Infrastructure portals collect data from government systems: e-procurement platforms, integrated financial management systems (IFMIS), project management databases. Five patterns cover most real-world implementations. Each has different maintenance requirements, different failure modes, and different suitability depending on what the source system can actually expose.
3 of 5
Portal integrations that failed because the integration pattern did not match what the source system could deliver, not because the OC4IDS standard was wrong.
2 silent
ETL extraction failures during fiscal year transitions, both caused by schema changes in the source system and both undetected until data stopped updating.
1 steward
The minimum institutional commitment a file-drop integration requires. Without a named, backed-up data steward role, this pattern degrades within months of launch.
Pattern 1: Direct Database Query
The portal queries the source database via a read-only connection, transforming records to OC4IDS schema at query time. This is the simplest pattern when the source database has a stable, documented schema and a DBA who will grant and maintain a read-only service account. The Uganda PPDA portal (gpp.ppda.go.ug) uses a variant: a scheduled ETL job pulls contract award records from IFMIS nightly, maps them to OCDS fields, and feeds the broader OC4IDS project record.
The failure mode is schema changes. When the source system upgrades and field names or types shift, extraction breaks. I've seen this happen twice during fiscal year transitions, both times silently. If the source system has an active development team and no API, this pattern requires a DBA relationship that survives personnel changes. That relationship is harder to maintain than the code.
| Pattern | Technical Complexity | Maintenance Risk | Best For |
|---|---|---|---|
| 1. Direct database query (ETL) | Low to medium | Medium: schema changes break it | Stable IFMIS with documented schema |
| 2. API-to-API (source system API) | Medium | Low: API versioning protects consumer | Modern e-procurement systems |
| 3. CSV/file drop (scheduled export) | Low | High: manual step in the chain | Legacy systems with no API or DB access |
| 4. Middleware broker | High | Low: decoupled from source system | Multiple heterogeneous source systems |
| 5. Manual data entry (last resort) | None | Very high: human compliance required | Only where no other option exists |
Pattern 2: API-to-API Integration
The portal polls a REST API on a schedule, transforms responses to OC4IDS schema, and persists records. When the source system has a versioned API, this is the most maintainable pattern. The Kaduna State Infrastructure Data Portal (ipdata.kdsg.gov.ng) uses API polling from the state's procurement system to populate its OC4IDS project records. The Open Contracting Partnership's OCDS tools (standard.open-contracting.org/latest/en/guidance/build/) document reference implementations for consuming procurement APIs and mapping to OCDS format.

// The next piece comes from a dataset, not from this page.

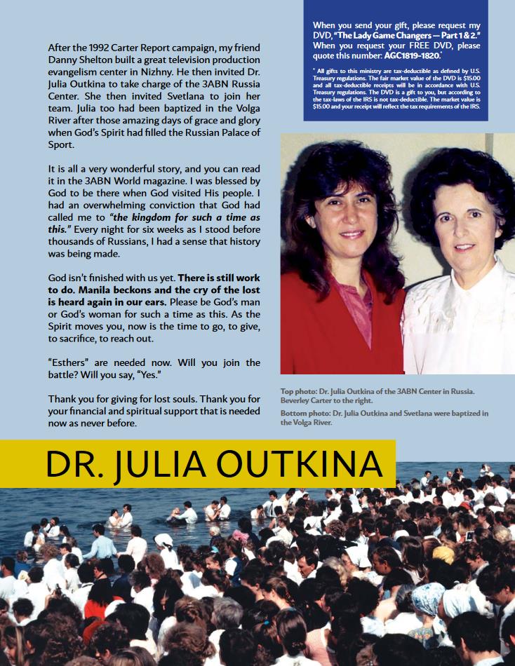 After the 1992 Carter Report campaign, my friend Danny Shelton built a great television production evangelism center in Nizhny. He then invited Dr. Julia Outkina to take charge of the 3ABN Russia Center. She then invited Svetlana to join her team. Julia too had been baptized in the Volga River after those amazing days of grace and glory when God’s Spirit had filled the Russian Palace of Sport.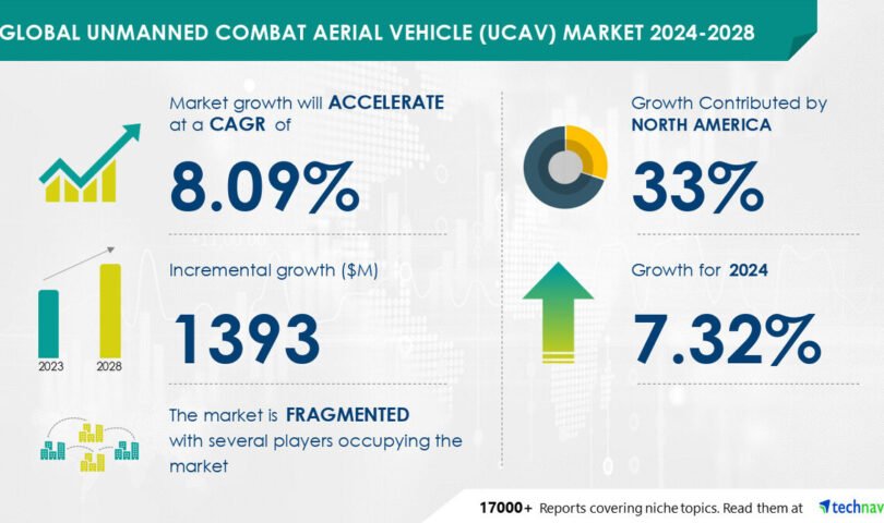NEW YORK, Aug. 7, 2024 /PRNewswire/ — The global unmanned combat aerial vehicle (UCAV) market size is estimated to grow by USD 1.39 billion from 2024-2028, according to Technavio. The market is estimated to grow at a CAGR of over 8.09% during the forecast period. Growing export demand from smaller economies is driving market growth, with a trend towards development of long-range spy combat drone. However, rapid development of anti-drone technology poses a challenge. Key market players include Aeronautical Systems Inc., AeroVironment Inc., BAE Systems Plc, Baykar Tech, Bluebird Aero Systems, C Astral d.o.o., China Aerospace Science and Technology Corp., Dassault Aviation SA, Denel Dynamics, Edge Autonomy, Elbit Systems Ltd., General Atomics, Israel Aerospace Industries Ltd., Kratos Defense and Security Solutions Inc., Lockheed Martin Corp., Northrop Grumman Corp., Parrot Drones SAS, Skyeton, Textron Inc., The Boeing Co., and Ukrspecsystems.

The failure mode is authentication drift. API keys expire. OAuth tokens need rotation. I've seen portals fail silently for weeks because a service account password was rotated during a security audit and nobody updated the portal configuration. Build monitoring before you build the integration, not after.
Pattern 3: Scheduled File Drop
When the source system cannot expose a database connection or API, a scheduled CSV export dropped to an SFTP endpoint or shared drive is the fallback. The portal picks up the file on a schedule, validates the structure, and transforms it.
This pattern introduces a manual step: a civil servant runs the export. CoST Uganda's 2019 Synthesis Report (infrastructuretransparency.org/programmes/uganda/) documented what happens when that dependency exists: file drops became irregular when the responsible officer changed. That is not a data problem. It is a staffing problem that looks like a data problem. File drop integrations require a named, backed-up data steward role with a budget line, not a project position. Without that commitment before you build, this pattern will degrade.
Pattern 4: Middleware Broker
A middleware layer sits between source systems and the portal, normalising data from multiple heterogeneous sources into a common schema. The middleware accepts whatever format the source system produces: database dump, CSV, XML, proprietary API. It emits standardised OC4IDS-compatible records. When source systems upgrade or are replaced, only the middleware adapter changes. The World Bank GovTech Maturity Index 2022 (worldbank.org/en/programs/govtech) documents this as the common pattern in low-income country implementations with multiple incompatible source systems.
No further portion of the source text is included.